On 10/04/2012 06:56 AM, Konrad Rzeszutek Wilk wrote:
>
> What Peter had in mind is a nice system where we get rid of
> this linear allocation of page-tables (so pgt_buf_start -> pgt_buf
> _end are linearly allocated). His thinking (and Peter if I mess
> up please correct me), is that we can stick the various pagetables
> in different spots in memory. Mainly that as we look at mapping
> a region (say 0GB->1GB), we look at in chunks (2MB?) and allocate
> a page-table at the _end_ of the newly mapped chunk if we have
> filled all entries in said pagetable.
>
> For simplicity, lets say we are just dealing with PTE tables and
> we are mapping the region 0GB->1GB with 4KB pages.
>
> First we stick a page-table (or if there is a found one reuse it)
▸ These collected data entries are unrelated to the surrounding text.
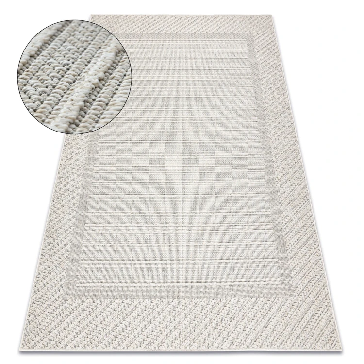Szary dywan z delikatną ramką, który elegancko uzupełni korytarz i nada mu uporządkowany charakter.
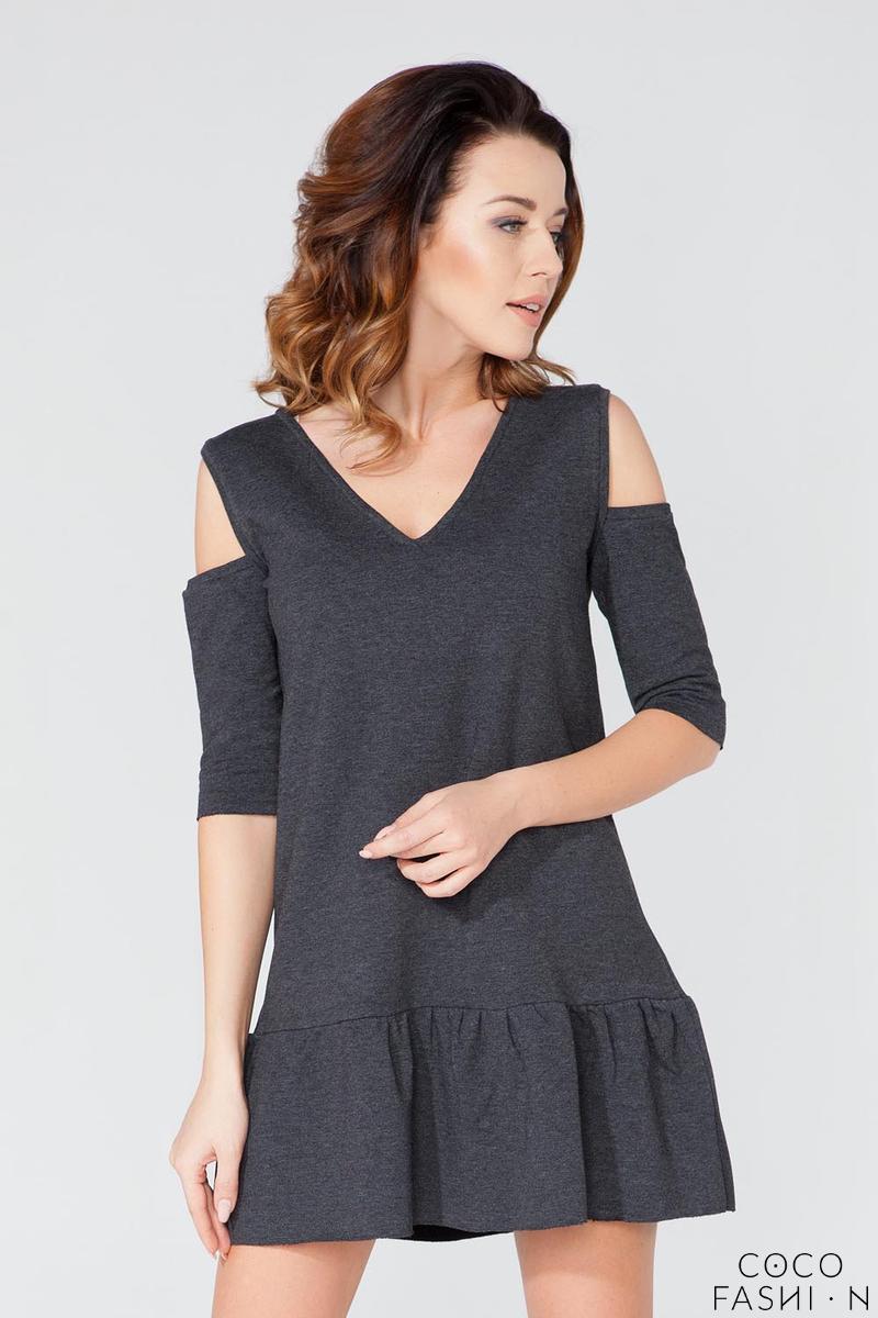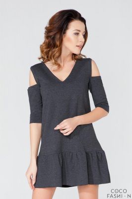 Ciemnoszara Sukienka Mini z Wyciętymi Ramionami z Falbanką
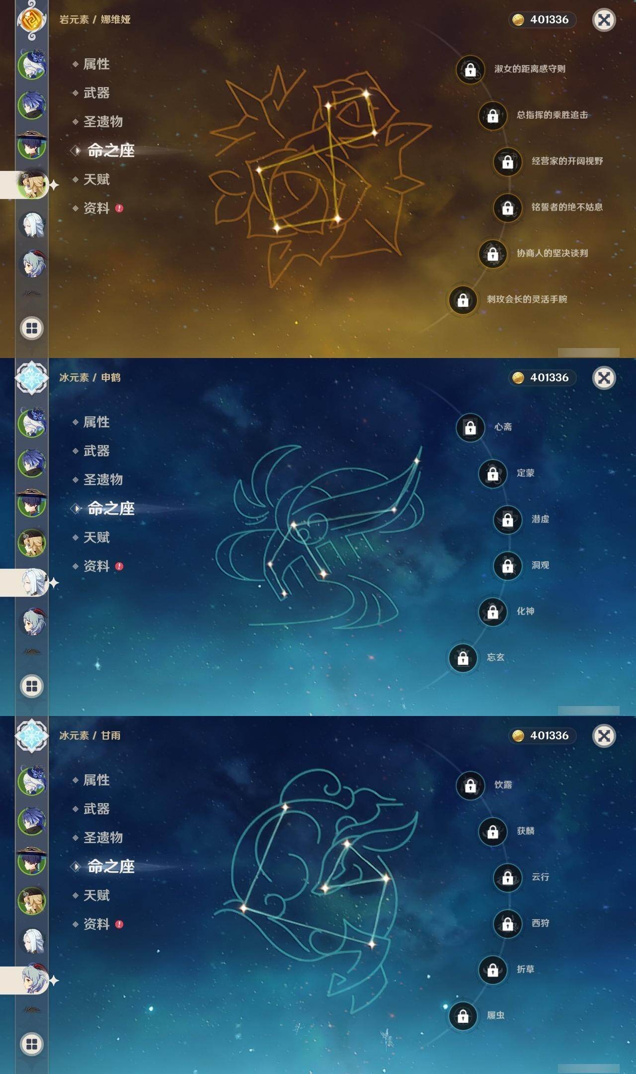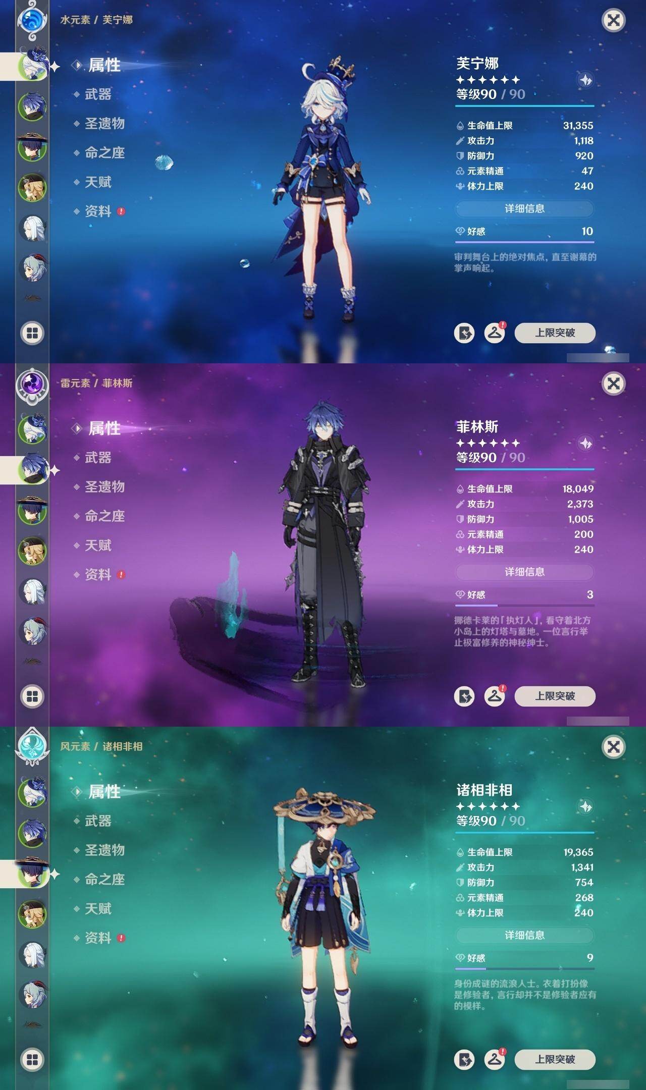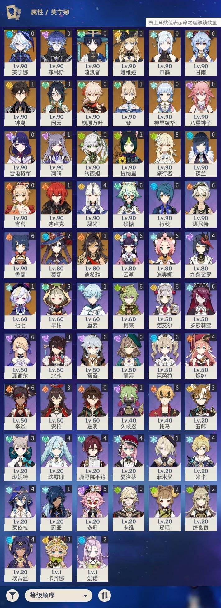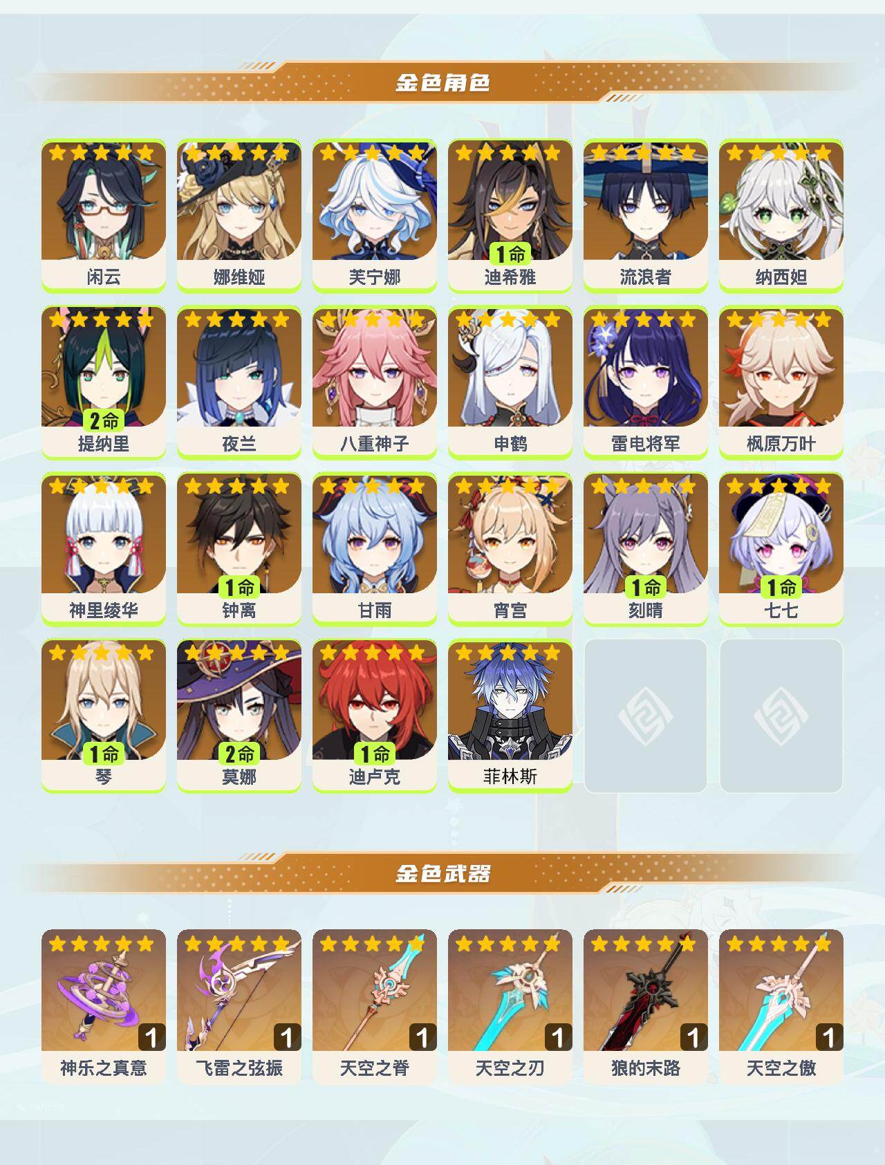 0命闲云,0命娜维娅,0命芙宁娜,1命迪希雅,0命流浪者,0命纳西妲,2命提纳里,0命夜兰,0命八重神子,0命申鹤,0命雷电将军,0命枫原万叶,0命神里绫华,1命钟离,0命甘雨,0命宵宫,1命刻晴,1命七七,1命琴,2命莫娜,1命迪卢克,0命菲林斯,精1神乐之真意,精1飞雷之弦振,精1天空之脊,精1天空之刃,精1狼的末路,精1天空之傲

> at the start of the region (so 0-2MB).
>
> 0MB.......................2MB
> /-----\
> |PTE_A|
> \-----/
>
> The PTE entries in it will cover 0->2MB (PTE table #A) and once it is
> finished, it will stick a new pagetable at the end of the 2MB region:
>
> 0MB.......................2MB...........................4MB
> /-----\ /-----\
> |PTE_A| |PTE_B|
> \-----/ \-----/
>
>
> The PTE_B page table will be used to map 2MB->4MB.
>
> Once that is finished .. we repeat the cycle.
>
> That should remove the utter duct-tape madness and make this a lot
> easier.
>
You got the basic idea right but the details slightly wrong. Let me try
to explain.
When we start up, we know we have a set of page tables which maps the
kernel text, data, bss and brk. This is set up by the startup code on
native and by the domain builder on Xen.
We can reserve an arbitrary chunk of brk that is (a) big enough to map
the kernel text+data+bss+brk itself plus (b) some arbitrary additional
chunk of memory (perhaps we reserve another 256K of brk or so, enough to
map 128 MB in the worst case of 4K PAE pages.)
Step 1:
- Create page table mappings for kernel text+data+bss+brk out of the
brk region.
Step 2:
- Start creating mappings for the topmost memory region downward, until
the brk reserved area is exhaused.
Step 3:
- Call a paravirt hook on the page tables created so far. On native
this does nothing, on Xen it can map it readonly and tell the
hypervisor it is a page table.
Step 4:
- Switch to the newly created page table. The bootup page table is now
obsolete.
Step 5:
- Moving downward from the last address mapped, create new page tables
for any additional unmapped memory region until either we run out of
unmapped memory regions, or we run out of mapped memory for
the memory regions to map.
Step 6:
- Call the paravirt hook for the new page tables, then add them to the
page table tree.
Step 7:
- Repeat from step 5 until there are no more unmapped memory regions.
This:
a) removes any need to guesstimate how much page tables are going to
consume. We simply construct them; they may not be contiguous but
that's okay.
b) very cleanly solves the Xen problem of not wanting to status-flip
pages any more than necessary.
The only reason for moving downward rather than upward is that we want
the page tables as high as possible in memory, since memory at low
addresses is precious (for stupid DMA devices, for things like
kexec/kdump, and so on.)
-hpa
--
H. Peter Anvin, Intel Open Source Technology Center
I work for Intel. I don't speak on their behalf.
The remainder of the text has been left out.